# Can You Fiddle with your Gear Too Much?



## icebucketjohn (Dec 22, 2005)

OK... I admit, I'm going stir crazy waiting for safe ice. 

I've spent hours on my ice fishing gear... fiddlin', adjusting, changing, altering, adding and subtracting, to the point where I'm starting wonder about my sanity of the whole sport.

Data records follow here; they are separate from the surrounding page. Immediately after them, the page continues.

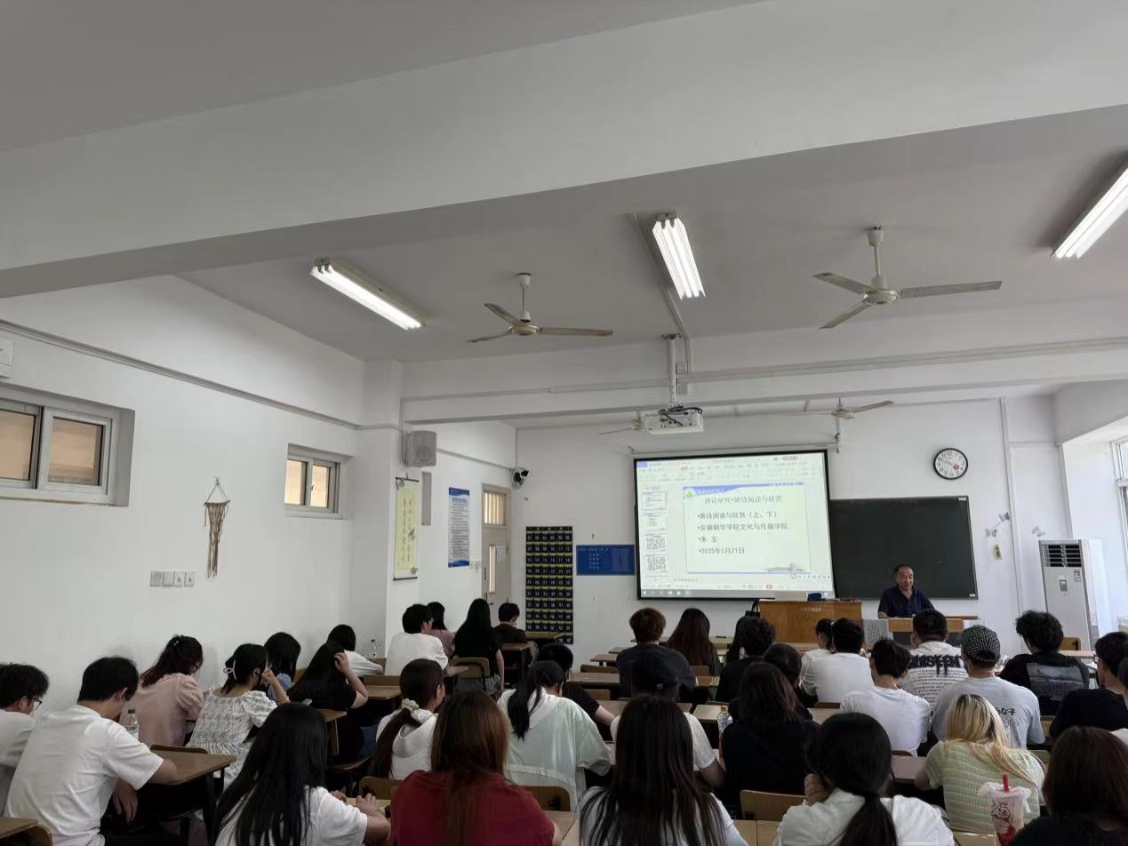 本网讯(通讯员:唐洁)为深化学生对中国古典诗歌的理解,领略唐诗的艺术魅力,文化与传媒学院于5月21日下午3:00在教5 - 215举办了一场主题为“唐诗是中国古典诗歌的巅峰,其艺术魅力源于意象与意境的精妙融合”的精彩讲座。本次讲座由朱玉教授担任主讲人,众多热爱古典文学的师生参与其中。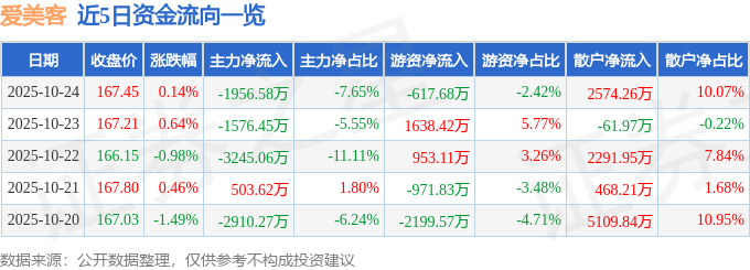 证券之星消息,截至2025年10月24日收盘,爱美客(300896)报收于167.45元,上涨0.14%,换手率0.73%,成交量1.53万手,成交额2.56亿元。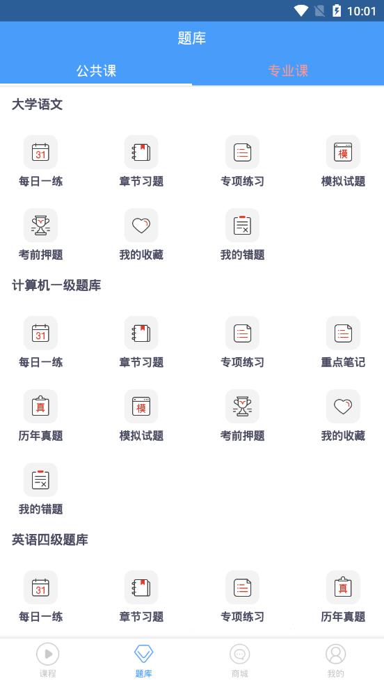 1.在线进行模拟考试,与正常考试的题目题型都是一样的;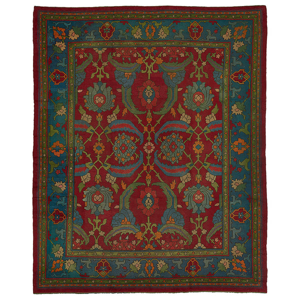 Majestic and storied, this Red & Blue Antique Irish Donegal Rug spans grandly at 12'2" by 14'1". It's not just a carpet; it’s an experience waiting to unfold underfoot in expansive spaces. At its heart is a deep red field, vividly alive with intricate floral motifs and meandering vines. Shades of blue, teal, green, and whispers of orange dance among the stylized blooms and flowing leaves, culminating in a tapestry of timeless elegance. A substantial blue-teal border gracefully frames this...
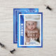 Pense fora da caixa do batedor quando for hora de anunciar o nascimento do seu bebê, com este anúncio cômico no estilo de um cartão de beisebol. Adicione fotos do seu próprio bebê e edite o texto do cartão, quando necessário. O sobrenome do bebê também dobra como seu nome de equipe e é exibido em uma fonte branca de esportes no fundo do tecido de camisa azul. Além do peso e comprimento do bebê, há também uma área para adicionar o ano de sua elegibilidade preliminar. Onde a "biografia do jogador" normalmente estaria é o anúncio de nascimento, escrito com trocadilhos de beisebol. Você pode usar o texto padrão e simplesmente mudar os nomes para o que é relevante no seu caso ou você pode reescrevê-lo completamente em suas próprias palavras.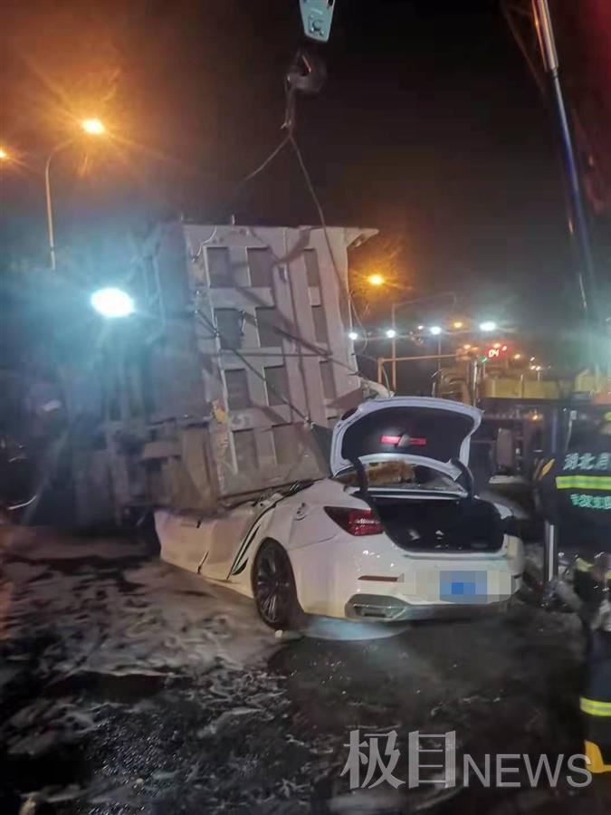 10月8日凌晨,在武汉市硚口区蓝焰物流门口,发生一起车祸。一辆小轿车被一辆侧翻的渣土车压瘪车厢,幸运的是,在救援人员帮助下,小轿车司机得以脱困,未造成人员伤亡。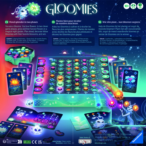 Gloomien maagisessa maailmassa kaikki pyörii upeimpien kukkien kylvämisen ja korjaamisen ympärillä. Kahdessa jännittävässä vaiheessa pelilauta täyttyy ensin kukilla ja korjataan sitten uudelleen. Se, joka on fiksu ja jolla on hieman onnea korttien kanssa, varmistaa arvokkaimmat kukat ja voittaa tämän yksinkertaisen strategiapelin!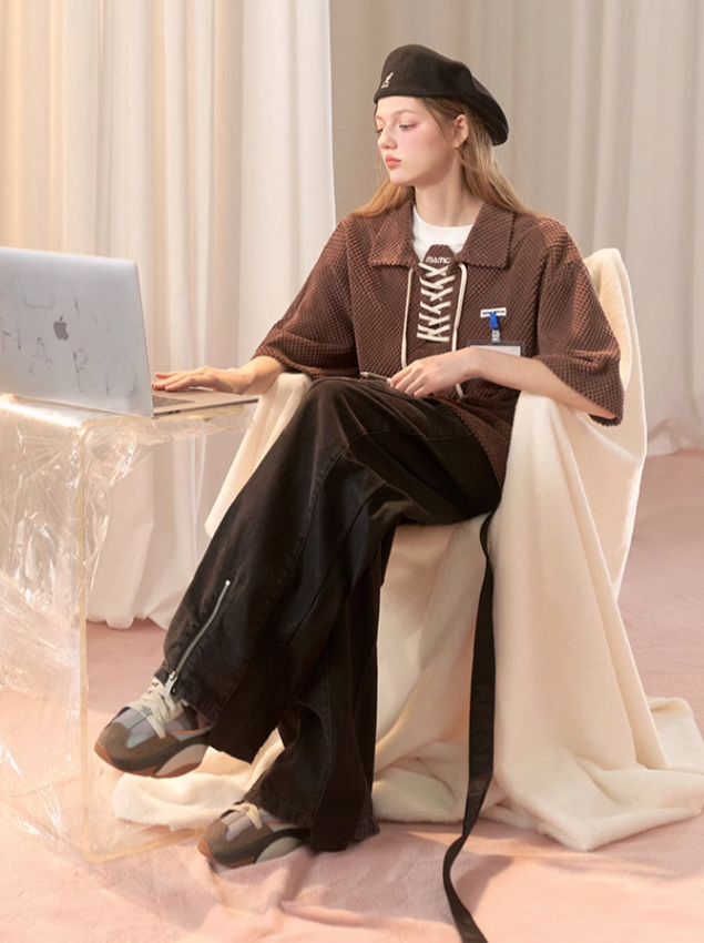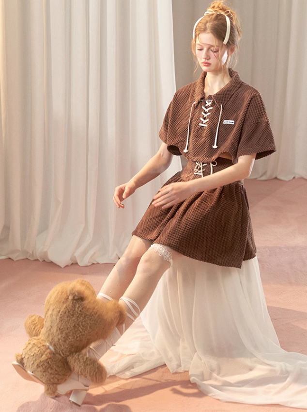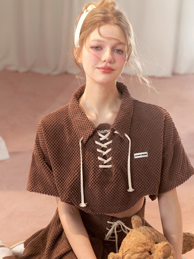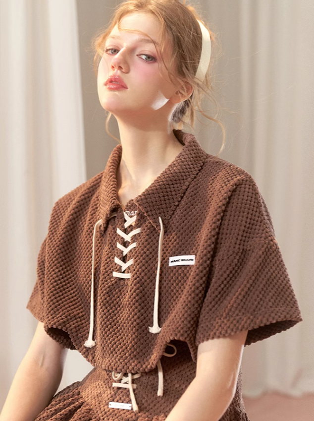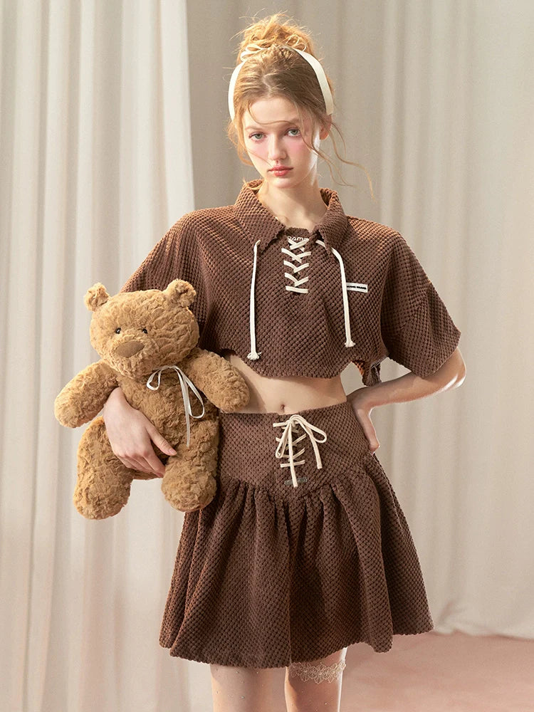 Machen Sie sich bereit, mit diesem bezaubernden Set alle Blicke auf sich zu ziehen! Das kurze Oberteil mit Schnürung und der ausgestellte Rock sorgen für einen koketten, femininen Look, während die Schnürung über dem Poloshirt für einen Hauch Verspieltheit sorgt. Perfekt für alle, die süß und stylisch aussehen möchten, ohne auf Komfort zu verzichten.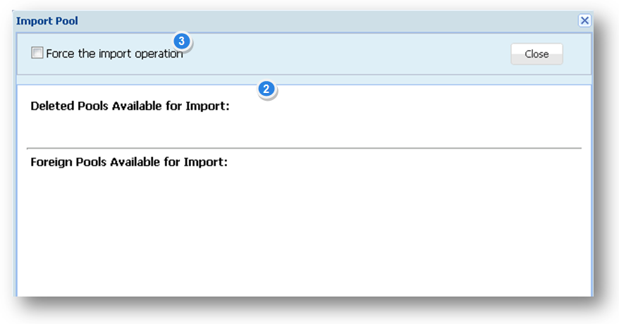 3. You will need to select the Force Import checkbox, to force the system to import foreign pools from another system.

Anybody else have this condition?


----------



## 1977 walleye guy (Mar 11, 2006)

LOL.....Maybe not that bad but close. I've been diverting my efforts as of right now into building some mini slammer tip-ups. I ordered a slammer kit a little while back during duck season. I just started a prototype for a mini slammer, (scaling down) the blueprints of the original. The original calls for a 4 1/2 ft too a 6ft rod. I'm building mine for use with 24-30" Ice rods.
Should have a working prototype in the next couple days or so.


----------



## hardwaterfan (Apr 6, 2004)

nah i dont think so. the time to ice fish is too brief to have problems on the ice. better to be ready for it than get out there and have problems. good to get out there and have everything "just right". thats how i justify it anyways


----------



## tomb (Oct 9, 2004)

Did I mention " NO "?


----------



## DaleM (Apr 5, 2004)

No way can you spend to much time on tackle.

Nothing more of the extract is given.